§ **What you need to do**
Write the records out exactly as shown. No pictures.
Records provided START
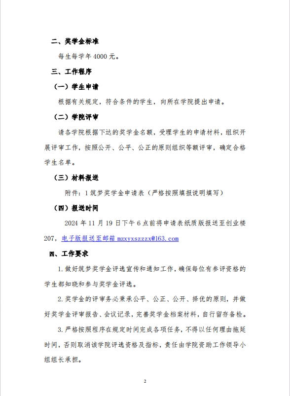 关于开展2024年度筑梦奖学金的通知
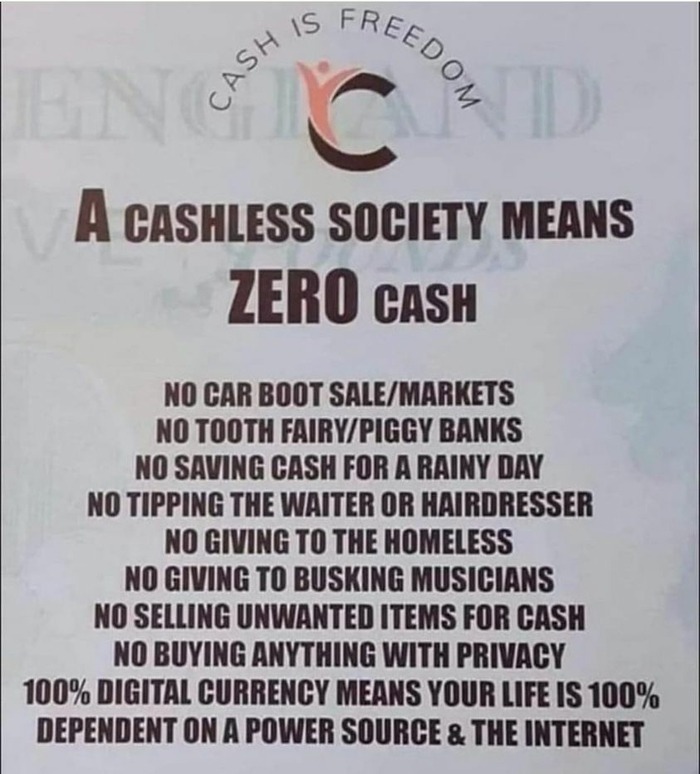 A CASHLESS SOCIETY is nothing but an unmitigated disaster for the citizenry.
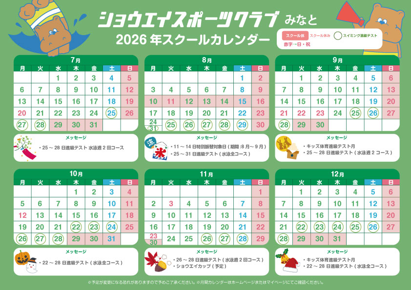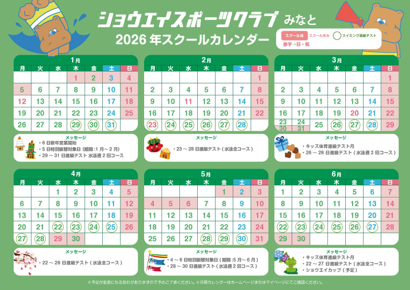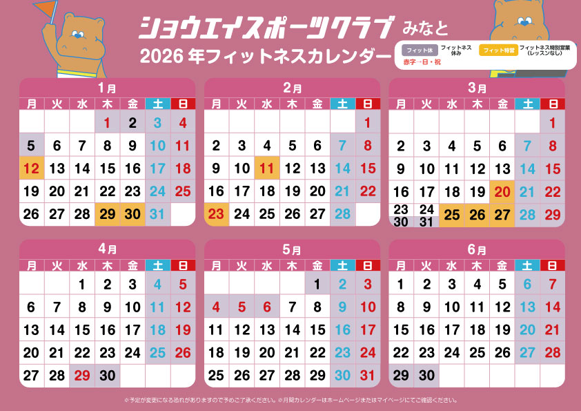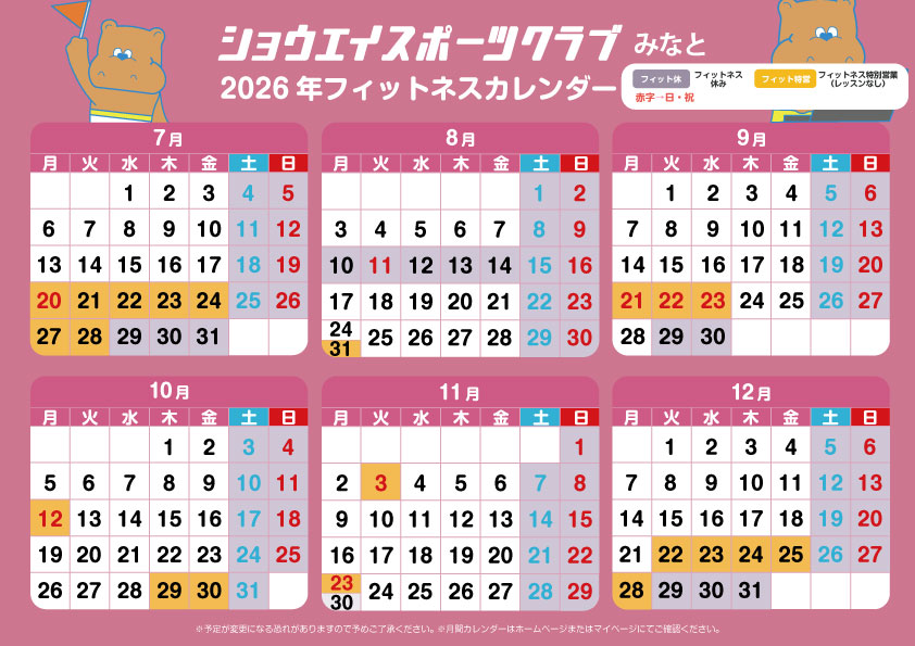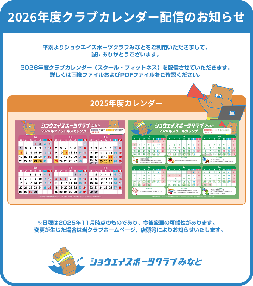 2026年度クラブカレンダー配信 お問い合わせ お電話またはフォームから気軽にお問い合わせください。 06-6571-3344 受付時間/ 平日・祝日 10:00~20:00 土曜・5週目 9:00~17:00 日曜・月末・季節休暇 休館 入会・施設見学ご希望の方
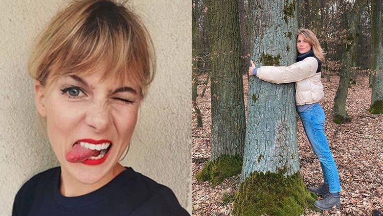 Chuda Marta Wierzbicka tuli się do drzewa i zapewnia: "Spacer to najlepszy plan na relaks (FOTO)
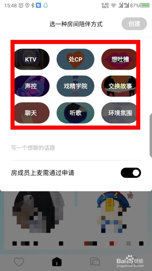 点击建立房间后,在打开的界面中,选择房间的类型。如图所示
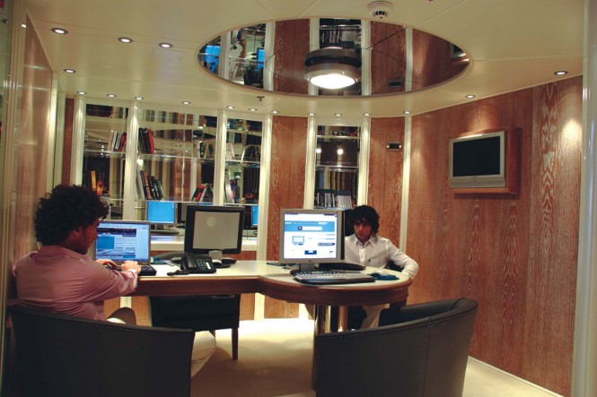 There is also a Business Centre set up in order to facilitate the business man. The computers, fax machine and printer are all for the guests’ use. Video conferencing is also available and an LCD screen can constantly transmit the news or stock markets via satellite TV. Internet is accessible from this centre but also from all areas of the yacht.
Records provided END
§ **Solution to the exercise**
 关于开展2024年度筑梦奖学金的通知
 A CASHLESS SOCIETY is nothing but an unmitigated disaster for the citizenry.
 2026年度クラブカレンダー配信 お問い合わせ お電話またはフォームから気軽にお問い合わせください。 06-6571-3344 受付時間/ 平日・祝日 10:00~20:00 土曜・5週目 9:00~17:00 日曜・月末・季節休暇 休館 入会・施設見学ご希望の方
 Chuda Marta Wierzbicka tuli się do drzewa i zapewnia: "Spacer to najlepszy plan na relaks (FOTO)
 点击建立房间后,在打开的界面中,选择房间的类型。如图所示
 There is also a Business Centre set up in order to facilitate the business man. The computers, fax machine and printer are all for the guests’ use. Video conferencing is also available and an LCD screen can constantly transmit the news or stock markets via satellite TV. Internet is accessible from this centre but also from all areas of the yacht.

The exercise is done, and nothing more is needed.